╭─ Material provided

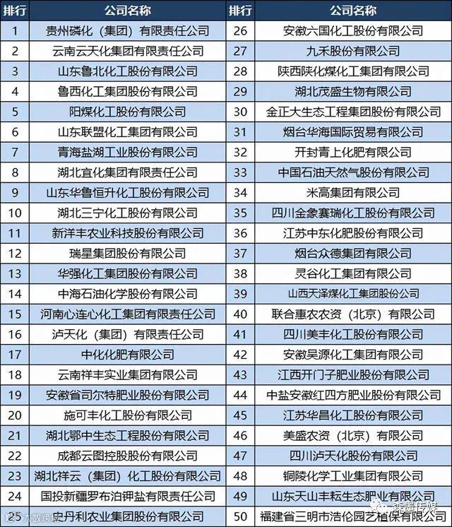 新洋丰农业科技股份排名第十一,深交所上市(000902),依托母公司5亿吨磷矿资源,已形成年产约900万吨高浓度磷复肥的生产能力,为中国磷复肥龙头企业之一[k]。
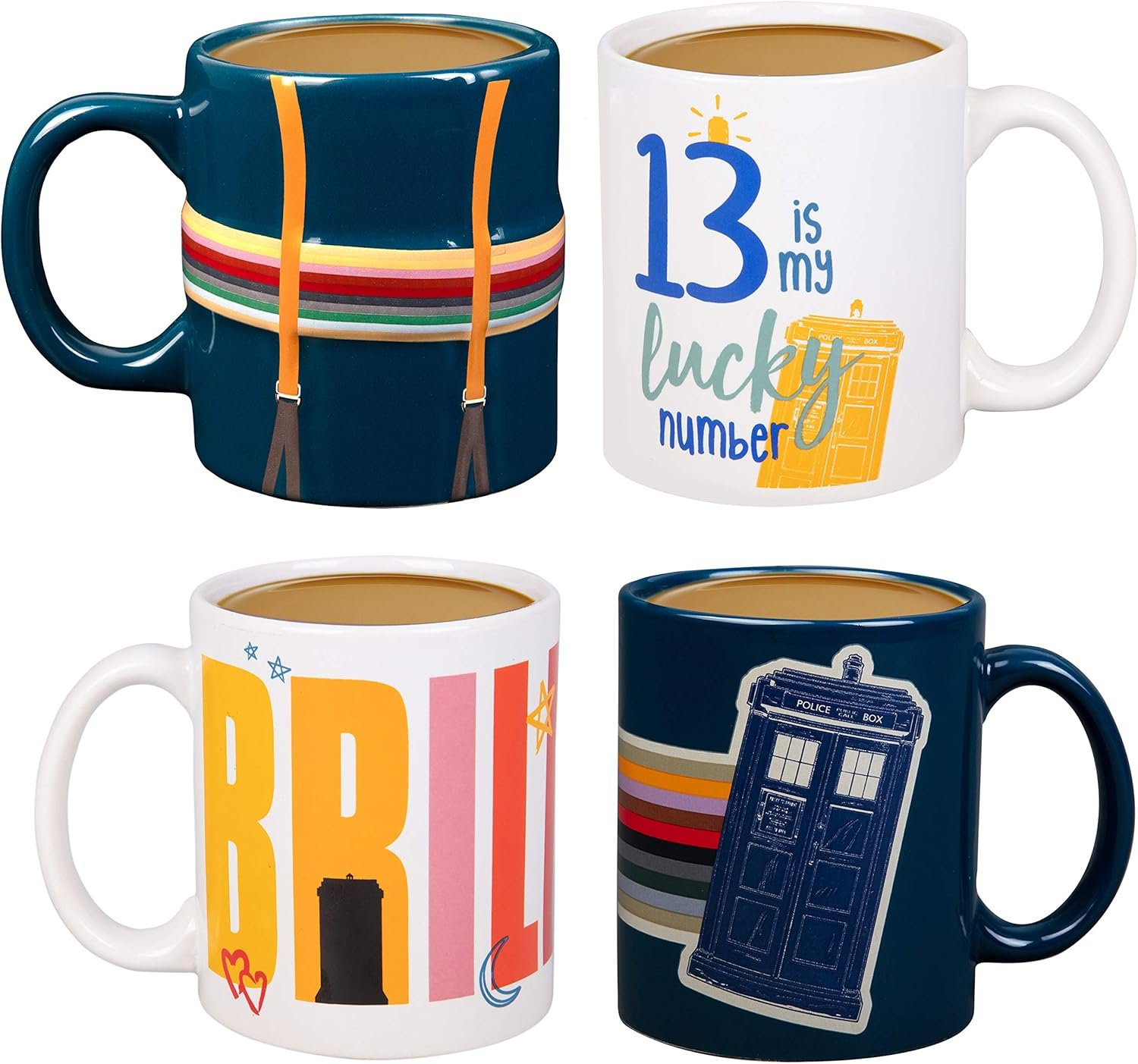 أكواب سيراميك بطباعة ثابتة وألوان واضحة.
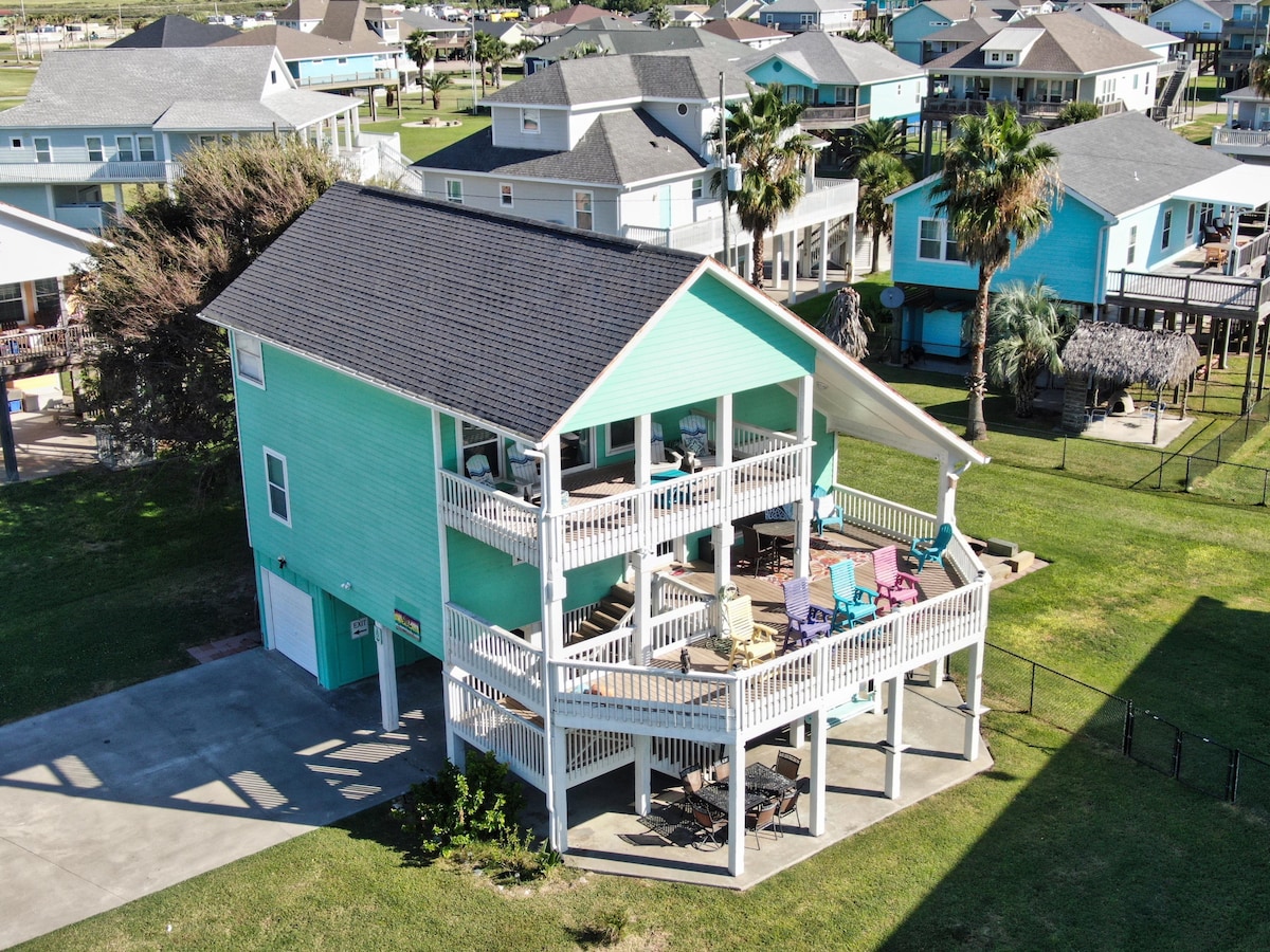 Unobstructed ocean views! See all the way down the beach to Galveston. Four bedrooms and 3 1/2 baths. Plenty of space and several decks for enjoying the sun. You have space to entertain, inside the beach home , but also underneath where you will find a large built in bar, propane/charcoal bar b q , swings, hammock loft and outdoor shower. Fenced in yard. Private walkover to the beach. Gourmet kitchen with butlers pantry. Tv's in every room. Master has soaking tub with beach view! Sleeps 14

╰─

* **Your instructions**:
Give again, word for word, every line from the top of the data above to the line holding "أكواب سيراميك بطباعة ثابتة وألوان واضحة.", inclusive, with the pictures left out.

* **Response to this task**:
 新洋丰农业科技股份排名第十一,深交所上市(000902),依托母公司5亿吨磷矿资源,已形成年产约900万吨高浓度磷复肥的生产能力,为中国磷复肥龙头企业之一[k]。
 أكواب سيراميك بطباعة ثابتة وألوان واضحة.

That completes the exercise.